Input |
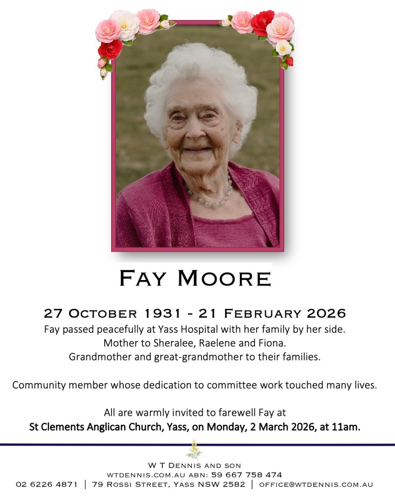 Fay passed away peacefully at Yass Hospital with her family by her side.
* * *
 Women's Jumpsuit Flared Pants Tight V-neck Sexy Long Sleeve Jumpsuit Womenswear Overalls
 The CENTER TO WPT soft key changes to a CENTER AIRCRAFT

Your goal | From the line that has "Women's Jumpsuit Flared" through the line that has "The CENTER TO", copy every line exactly as it appears above, and leave out all others.

Answer box |
 Women's Jumpsuit Flared Pants Tight V-neck Sexy Long Sleeve Jumpsuit Womenswear Overalls
 The CENTER TO WPT soft key changes to a CENTER AIRCRAFT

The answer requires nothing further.